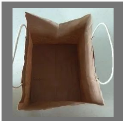
Parcel Paper Bags
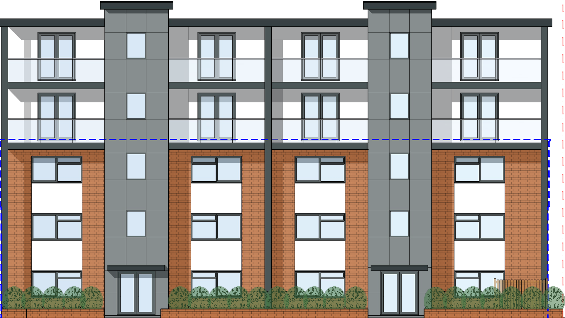
Proposed Front Elevation (South)
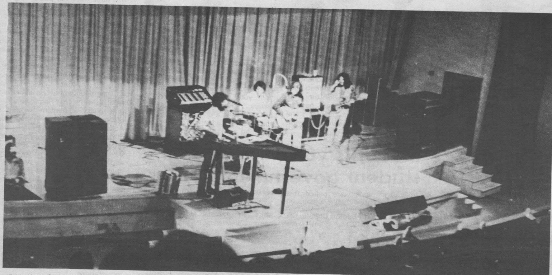
Black Hawk County on stage in the LBCC Forum at the dedication day Jammin' luncheon.

LINN-BENTON COMMUNITY COLLEGE ALBANY, OREGON VOLUME 6, NUMBER 2 • OCTOBER 25, 1974
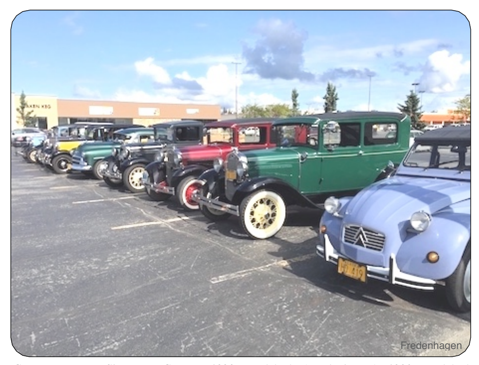
Cars at Kenai Shopping Center: 1929 Model A (Fredenhagen) 1930 Model A (Robinson)1931 Model A Taxi (Dryden/Woodard) 1951 Chevrolet (Cruze) 1931 Model A pickup (Godsoe) 1930 Model A (Piper) 1930 Model A (Fena) 1986 Citroën (Golding).

be the first customers! The food was excellent, especially the seafood tacos.
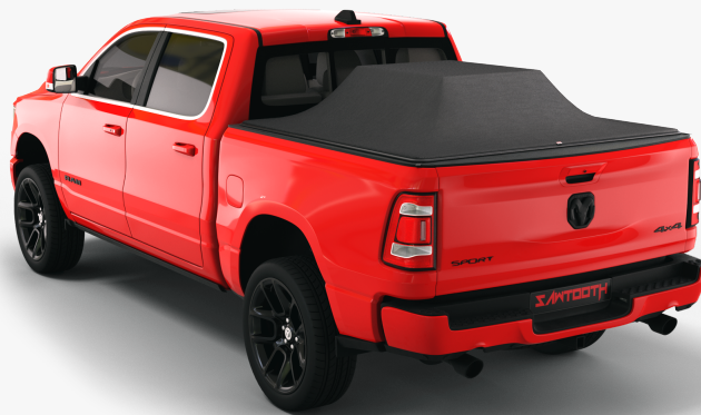
Dodge Ram with a Sawtooth Stretch Tonneau Cover Securing Cargo
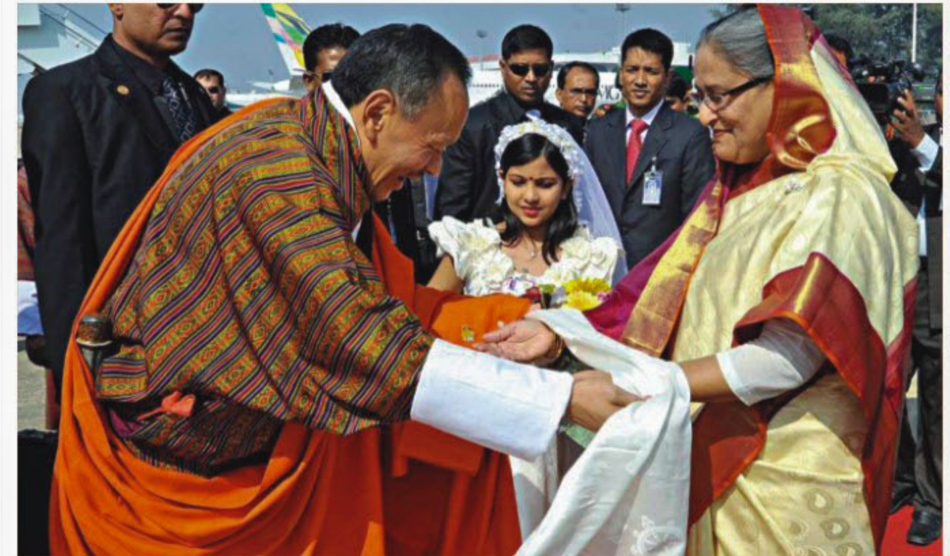
Prime Minister Sheikh Hasina greets her Bhutanese counterpart and Saarc Chairman Jigmi Y Thinley at Hazrat Shahjalal International Airport yesterday on his arrival in the city on a four-day visit.
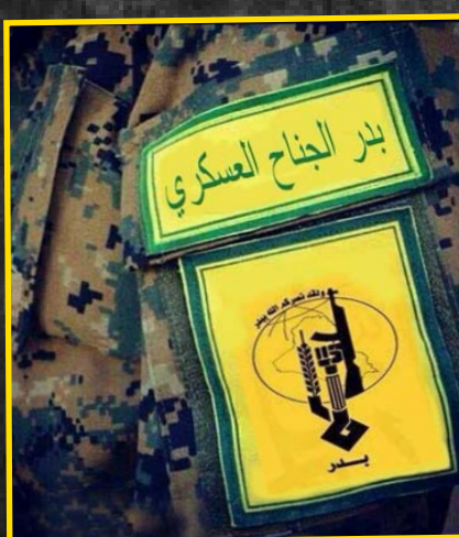
Badr Organization - the Military Wing logo
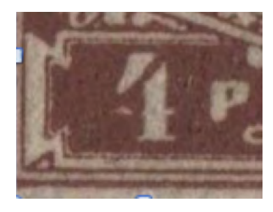
Figure 2: 4R with broken 4

In the Samovar thread, member CEC 71 noted several print varieties on the 3, 5 and 20 ruble stamps. Since scans of these varieties were not shown I have included them in Figures 3 through 13.

## ACTIVITY
Reproduce all of the data exactly, omitting each picture it holds.

## ANSWER
Parcel Paper Bags
Proposed Front Elevation (South)
Black Hawk County on stage in the LBCC Forum at the dedication day Jammin' luncheon.

LINN-BENTON COMMUNITY COLLEGE ALBANY, OREGON VOLUME 6, NUMBER 2 • OCTOBER 25, 1974
Cars at Kenai Shopping Center: 1929 Model A (Fredenhagen) 1930 Model A (Robinson)1931 Model A Taxi (Dryden/Woodard) 1951 Chevrolet (Cruze) 1931 Model A pickup (Godsoe) 1930 Model A (Piper) 1930 Model A (Fena) 1986 Citroën (Golding).

be the first customers! The food was excellent, especially the seafood tacos.
Dodge Ram with a Sawtooth Stretch Tonneau Cover Securing Cargo
Prime Minister Sheikh Hasina greets her Bhutanese counterpart and Saarc Chairman Jigmi Y Thinley at Hazrat Shahjalal International Airport yesterday on his arrival in the city on a four-day visit.
Badr Organization - the Military Wing logo
Figure 2: 4R with broken 4

In the Samovar thread, member CEC 71 noted several print varieties on the 3, 5 and 20 ruble stamps. Since scans of these varieties were not shown I have included them in Figures 3 through 13.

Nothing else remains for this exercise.